[Date Prev][Date Next][Thread Prev][Thread Next][Date Index][Thread Index]

Re: Some text that may be useful for the update of RFC 2376

In message "Re: Some text that may be useful for the update of RFC 2376",
Rick Jelliffe wrote...

 >> HTTP already has the accept-charset field.  I do not understand your claim.
 >If I am using a DOM parser, I cannot ask it "what encodings do you
 >support?" If I am using SAX in Java, I can assume that the encodings
 >underlying Java are the ones available. I don't recall any C or C++ XML
 >parser that exposes this information: I don't think Expat does, for

Although such information is described in their manuals, I do not 
think that they have any APIs for "what encodings do you
support?".  I agree.

 >If my browser cannot ask its XML processor "what encodings do you
 >support?" in order to perform content negotiation for XML, then either the
 >poor user must configure it themselves or the HTTP code has to take on the
 >responsibility for providing transcoding services itself (perhaps not a
 >bad thing for the future).  And configuration has to be done
 >application-by-application: for example James Clark's vanilla Expat did
 >not accept Big5, so every XML application built on it was pretty unusable
 >for Traditional Chinese here.  

Ideally, XML processors should silently provide the accept-charset field.  

On top of document entities, an XML processor may silently fetch external 
parsed entities, external parameter entities, and external DTD subsets.  
(I know expat doesn't, but other parsers do.)  Since application 
programmers cannot control such fetching, the best solution is hardcode 
the accept-charset field in the XML processor.  Certainly, the person who 
writes the XML processor knows which encoding is supported.  (It would be 
great if we can register callback routines for unsupported charsets.)

 >Even if you are using DOM (or
 >SAX) it is quite possible that the system integrator has chosen to use a
 >different implementation from the one which the software developer used.
 >So you cannot ask DOM, and the programmer cannot be sure which
 >implementation is being used. 

Right.  But we can always assume that the same UCS characters will be 

 >So it seems to me that content negotiation of character encoding for XML
 >is a bit of a myth: it requires that the user test applications rather
 >than it being transparent. 

If content negotiation is hardcoded in XML processors, application programmers 
do not have to worry.

>That is an unreasonable and unworkable
 >requirement. At the moment, the browser has to guess which encodings are
 >available, or the poor user has to test if the local encoding is
 >supported. (I suppose systems could also have some automated system which
 >requested a big5 XML file and then tried to parse it. Not really
 >elegant. Presumably the XML file would have to be sourced internally. )
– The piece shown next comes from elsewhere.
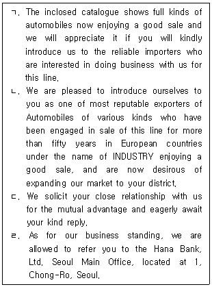 29. 거래처 소개의뢰를 제의하는 무역통신문의 내용을 순서대로 바르게 나열한 것은?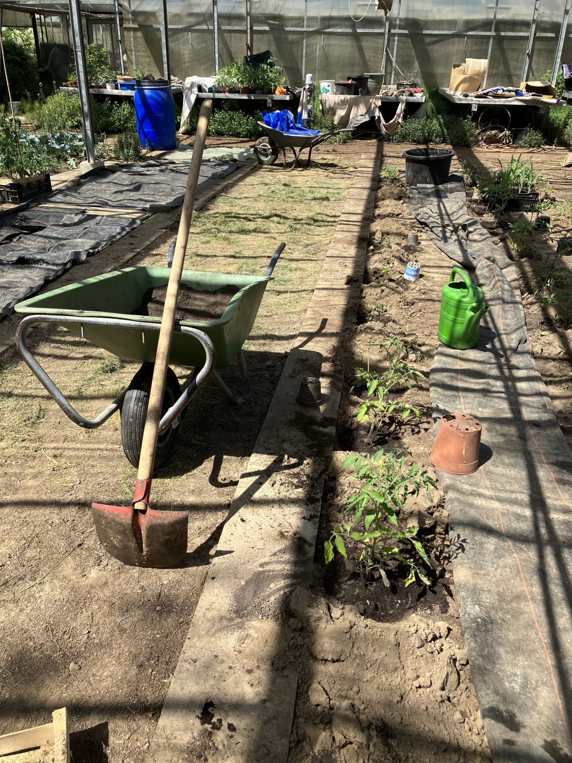 Der Wassermangel ist aktuell auch der Grund, warum hier nur Tomaten sitzen. Eigentlich waren von mir auch Kürbis, Auberginen, Paprika und Gurken im Gewächshaus eingeplant. Doch die wären hier verdurstet. Die wachsen jetzt weiterhin im Hausgarten.

I am afraid that I do not fully understand your claim.  Could you 
try again?

 >For content negotiation of MIME types, a browser knows which content-types
 >have handlers. But it doesn't know this information for character-encoding
 >for the XML applications it has. That is why I 

Probably, you sent this mail before you finished the last sentence.  

MURATA Makoto  muraw3c@xxxxxxxxxxxxx